Radio Slovakia International
- Type: Radio network
- Country: Slovakia

Ownership
- Owner: STVR
- Key people: Mária Mikušová (Teamleader)

History
- Launch date: 4 January 1993; 33 years ago

Coverage
- Availability: International

Links
- Website: enrsi.stvr.sk

= Radio Slovakia International =

International broadcasting service of Slovakia

Radio Slovakia International (RSI) is Slovakia's official internet-based international broadcaster. The station was created as a shortwave service almost simultaneously with the emergence of independent Slovakia and began broadcasting on 4 January 1993.

Its duties were laid down as providing listeners in other countries with information about the new state and maintaining contact with the numerous expatriate Slovak communities around the world. Organizationally, it is a part of the state-owned nationwide public broadcasting organization The Slovak Television and Radio (Slovenská televízia a rozhlas).

==Programming==
RSI's programmes are broadcast in English, German, French, Russian, Spanish, and, for expatriates, Slovak.

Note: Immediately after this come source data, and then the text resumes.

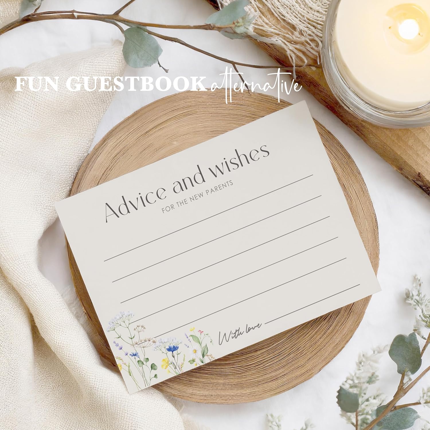 Advice For New Parents Baby Shower, Baby Predictions & Advice Cards For Baby Shower Games Activities, Wishes for Baby, 25 Double-Sided Thick Cards – Flower A08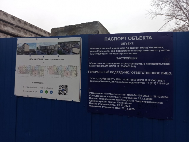 Разрешение на строительство «КомфортСтрой» получил под Новый год в 2024-м, работы должны завершить до 26 декабря 2026 года. Сейчас выполняется первый этап строительства. Согласно обнародованной визуализации проекта, на уд. Ефремова, 59а вскоре возведут пятиэтажный многоквартирный дом П-образной формы с детской площадкой и парковкой во дворе. Генподрядчиком выступает ООО «Стройинвест».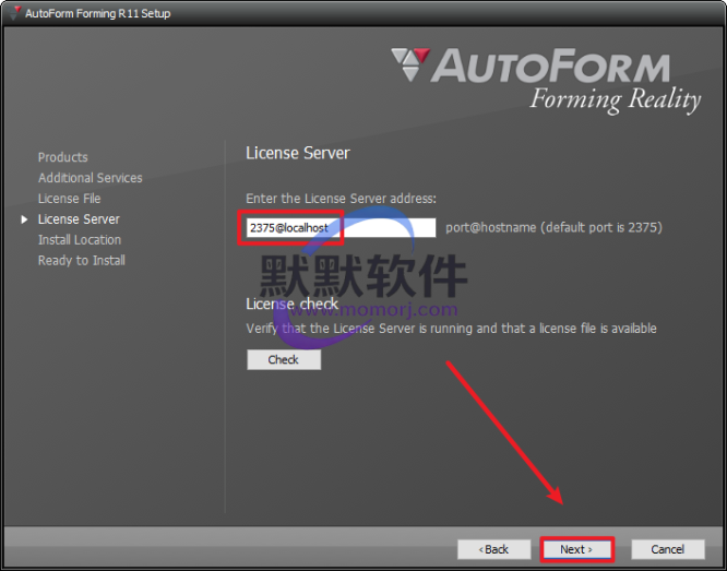 8.License server填写:2375@localhost,点击“Next”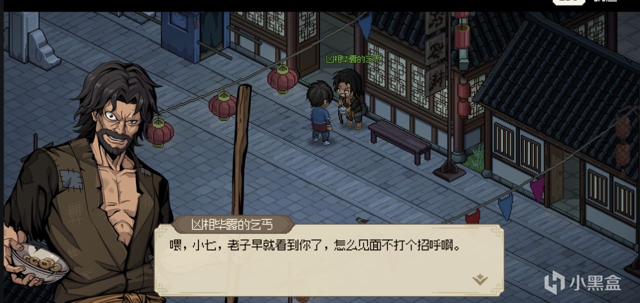 门口乞丐可以接丐小七个人任务打赢送招式没什么用,送钱多次主角触发与乞丐战斗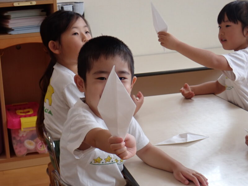 折り紙を行っていくことでお友だちに「伝える」という事も上達しています。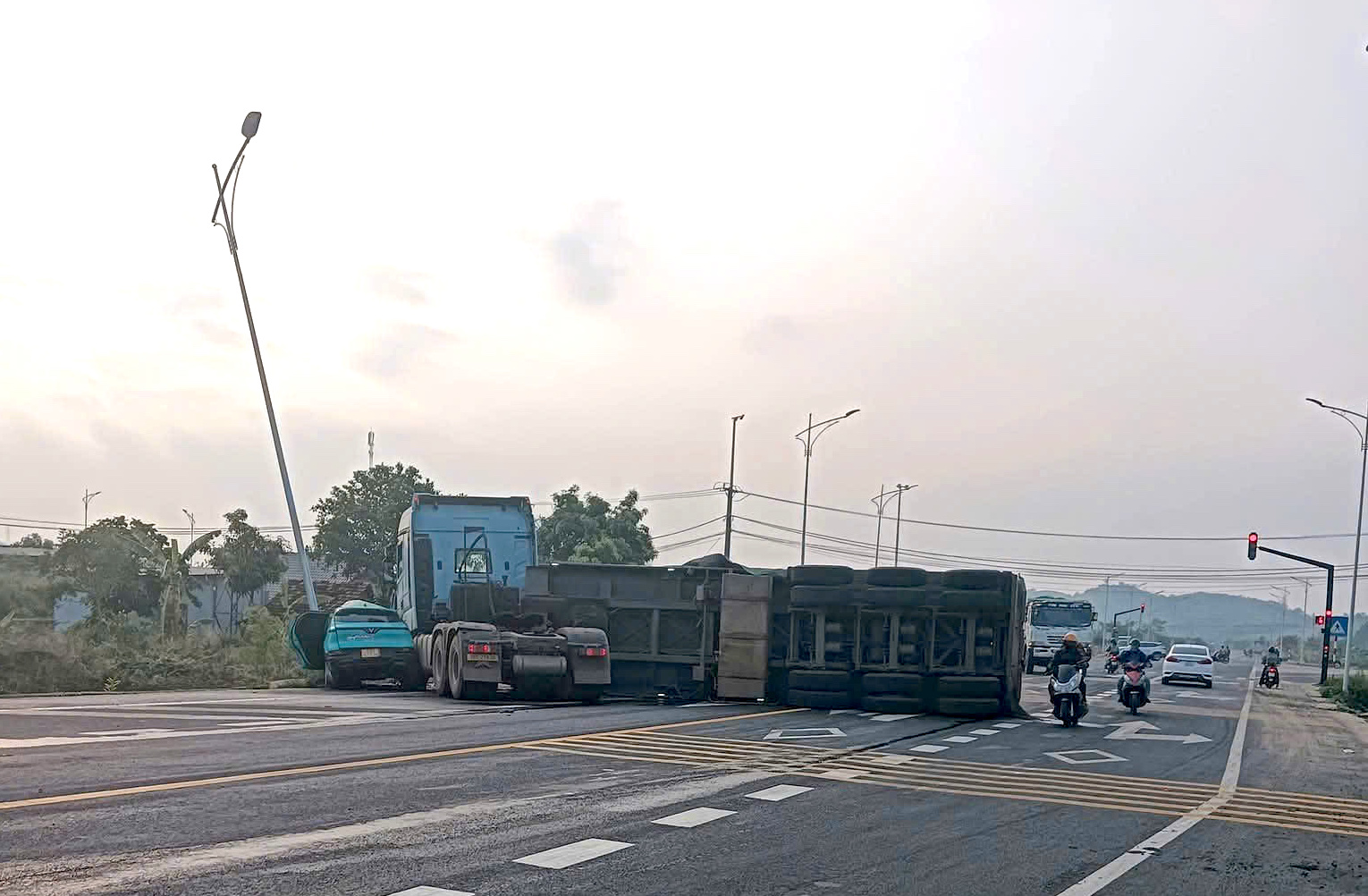 Theo cơ quan chức năng, nguyên nhân ban đầu được xác định do tài xế xe đầu kéo không giảm tốc độ khi đi đến khu vực giao nhau.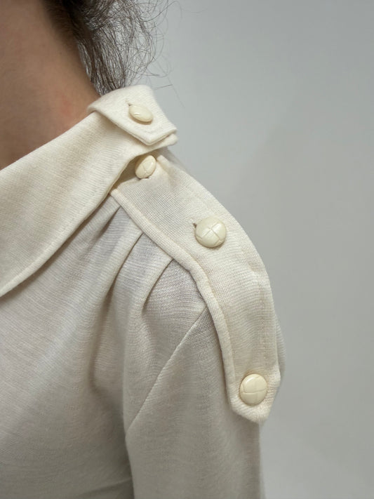 Rochie maxi butter white cu talie reglabilă din jerse de lana extrafina

Its daily 30-minute magazine programmes contain news from Slovakia, features on the Slovak economy, sciences, culture, geography, environment, sports, examples of the spoken, written, and musical arts, and portraits of important personalities.

==Broadcasting==
Radio Slovakia International broadcasts worldwide via internet and via the World Radio Network platform.

=== Frequencies===

| Town | Transmitter | Frequency | ERP | Time | Changing with |
|---|---|---|---|---|---|
| Bratislava | Mýtna 1 | 98,9 MHz | 0,20 kW | 18:00–6:00 h. | Rádio Patria [sk] |

====Shortwave transmissions====
Radio Slovakia International historically broadcast on shortwave from Slovakia. The program is now relayed via WRMI in English, Slovak, Spanish, as well as via stations in Luxembourg in German and in the UAE in Russian.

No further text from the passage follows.